Scientists at the University Medical Center Göttingen have upended decades of conventional wisdom about atrial fibrillation, revealing that the condition damages both chambers of the heart far more severely than previously understood. Until this discovery, researchers and cardiologists focused almost exclusively on the left atrium as the site of disease—but the new findings show that the right atrium undergoes equally profound changes, transforming how doctors may need to approach treatment.
Atrial fibrillation, the most common persistent heart rhythm disorder worldwide, affects approximately 1.8 million people in Germany alone. The condition causes chaotic electrical activity in the heart's atria, resulting in irregular and often dangerously fast heartbeats. Patients typically experience palpitations, shortness of breath, reduced physical performance, and exhaustion. While some forms of atrial fibrillation resolve on their own, the persistent variant is far more problematic—it doesn't disappear and leads to progressive structural damage that significantly increases the risk of stroke, heart failure, and premature death.
For decades, the hunt for effective treatments centered on the left atrium and the pulmonary veins that feed into it, long identified as the primary triggers of arrhythmia. But a research team led by Prof. Dr. Niels Voigt, Professor of Molecular Pharmacology at UMG, along with Dr. Christof Lenz and postdoctoral researcher Dr. Aiste Liutkute, decided to investigate whether the right atrium might also be affected. Their findings, published in the journal Cardiovascular Research, revealed something striking: the right atrium undergoes profound remodeling that increasingly mirrors the damage seen in the left.

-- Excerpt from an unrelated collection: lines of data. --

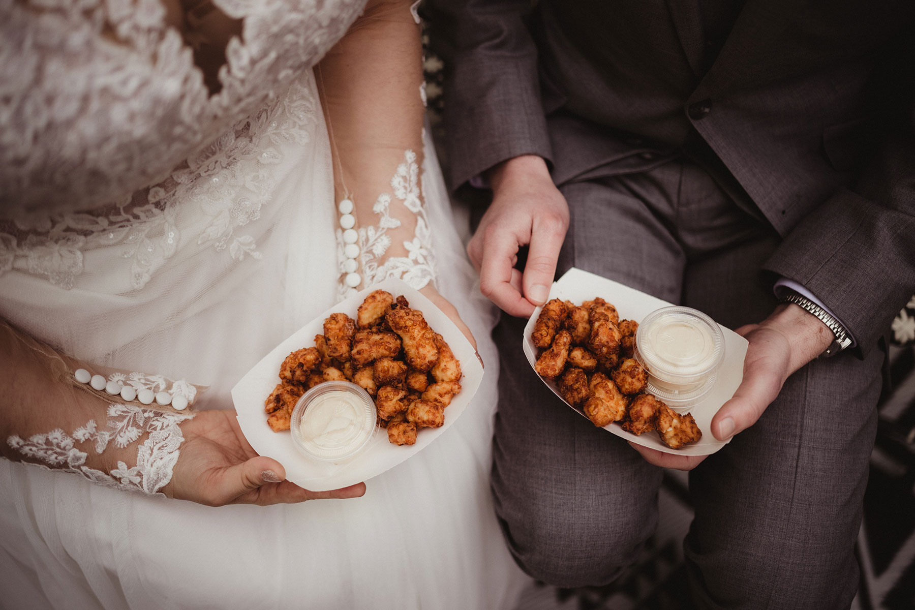 If you’re serving alcohol at your reception, late-night snacks serve a practical purpose beyond just hunger. Food helps guests pace themselves and absorb alcohol, which can prevent overindulgence and make for a safer, more enjoyable evening. Many couples cite guest safety as their primary reason for including late-night options.
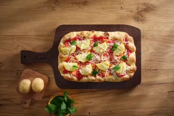 - Cottura in friggitrice ad aria: inserisci la base pinsa Pinsami nel cestello con la base rivolta verso il basso, senza carta da forno o stagnola, e imposta la friggitrice ad aria a 200°C per 3 minuti. Ripeti la stessa procedura, girandola dall’altro lato, e imposta a 200°C per 2 minuti.
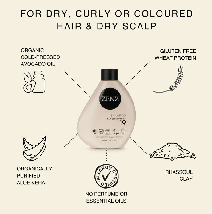 A softening and nourishing clay shampoo, fragrance-free, suitable for all hair types – especially dry, curly and coloured hair. Formulated with 99% natural ingredients and 52% certified organic ingredients. Hypoallergenic, gentle on both scalp and the environment, and ideal for pregnant women, children and those sensitive to fragrances.

The team analyzed tissue samples collected from both atria during heart surgery in patients with persistent atrial fibrillation, comparing them with healthy control samples from non-transplanted donor hearts. Using state-of-the-art mass spectrometry—a high-resolution analytical method that identifies and quantifies molecules with precision—the scientists examined thousands of proteins simultaneously to map disease-related changes. They created the first comprehensive reference library of the human heart proteome and supplemented their findings with microscopic examination of tissue scarring, biochemical confirmation of protein changes, and blood markers indicating cardiac stress.

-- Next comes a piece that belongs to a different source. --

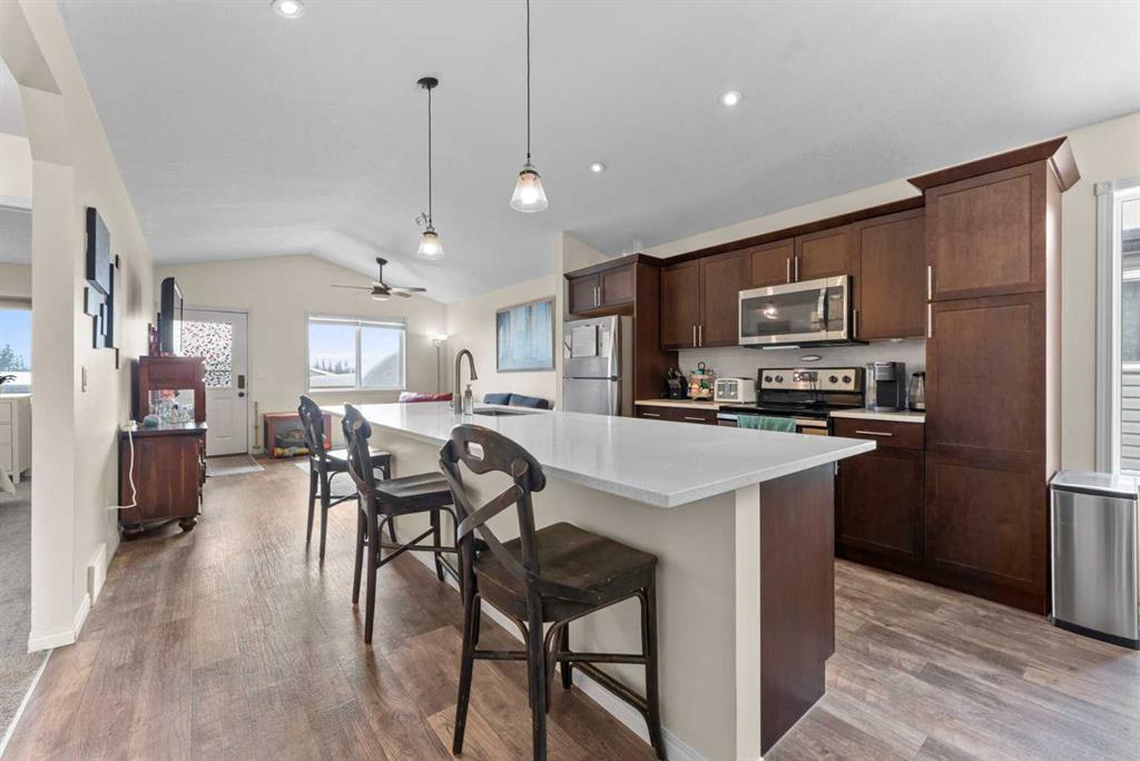 **Open House Cancelled** IRRICANA is a quaint town only 15 minutes from Airdrie and 30 minutes from Calgary. This beautiful home is situated on a quiet street and BACKING ONTO GREEN SPACE - it is IMMACULATE and APPEARS NEW! It features 3 bedrooms, 2 bathrooms, an OPEN floor plan, DOUBLE DETACHED GARAGE, and is tastefully landscaped and fenced! The main floor of this home features soaring VAULTED ceilings and an OPEN FLOOR PLAN. The interior has been FRESHLY PAINTED and the kitchen was UPDATED with gorgeous WHITE QUARTZ countertops, backsplash and an amazing large quartz island that can seat 8-10! There is still plenty of space for a family sized dining table with a hutch etc.! The expansive living room has access to the beautiful COVERED DECK. The vaulted ceilings and SUBSTANTIAL windows allow for an abundance of NATURAL LIGHT. Custom window coverings are newer. On this floor there are two spacious bedrooms - one that was designed as a master bedroom with plenty of room for a king sized bed and features a walk-in closet. Both bedrooms and hallway have new carpet and share a 4pc bathroom. The lower level has recently been developed with gorgeous LUXURY VINYL PLANK flooring. The enormous family room features an electric FIREPLACE with CUSTOM WOOD MANTLE and wall mounted TV. The lower level MASTER SUITE is enormous and the large windows allow for plenty of natural light! A cozy sitting area completes this space! There is a large walk-through closet on the way to the 4pc ensuite bathroom. The bathroom can also be accessed from the family room. The laundry room and storage spaces complete the lower level. The back yard has been BEAUTIFULLY LANDSCAPED with grassed area, garden beds and 2 decks. There is access to the deck from the living room - the COVERED DECK has a privacy screen for your enjoyment! There is a gas line for your BBQ as well as patio lighting making it a wonderful outdoor space. A second deck is built by the garage. The garage was recently completed and fully insulated with a gas line ready for heat should you choose! The lot is well proportioned with room to enjoy, room for children to play, room for some gardening, and room to entertain. Behind this home is an open field, an off-leash dog park, outdoor skating area and great walking areas! This lot is a great size and perfect for the growing family or empty nester!

The results were unambiguous. In both the right and left atria, the researchers found increased tissue scarring, a breakdown of critical heart muscle structures, and clear signs of cellular stress and remodeling. These changes fundamentally impair the normal electrical signaling required for the heart to beat in rhythm. "The results suggest that persistent atrial fibrillation must be understood as a disease of both atria," said Dr. Liutkute, the study's first author. This insight could explain why established therapies so often fail to produce lasting results in long-standing cases—current treatments have been targeting only half the problem.
The implications are significant. Dr. Lenz noted that existing therapeutic procedures focus primarily on the left atrium, but the team's data suggest that in the future, both atria may need to be taken into account to a greater extent. This reframing could reshape clinical practice, pushing cardiologists to develop more comprehensive approaches that address the disease as it actually manifests: a condition affecting the entire dual-chambered system rather than a localized dysfunction. For the millions living with atrial fibrillation, this new understanding offers hope that more effective treatments may finally be within reach.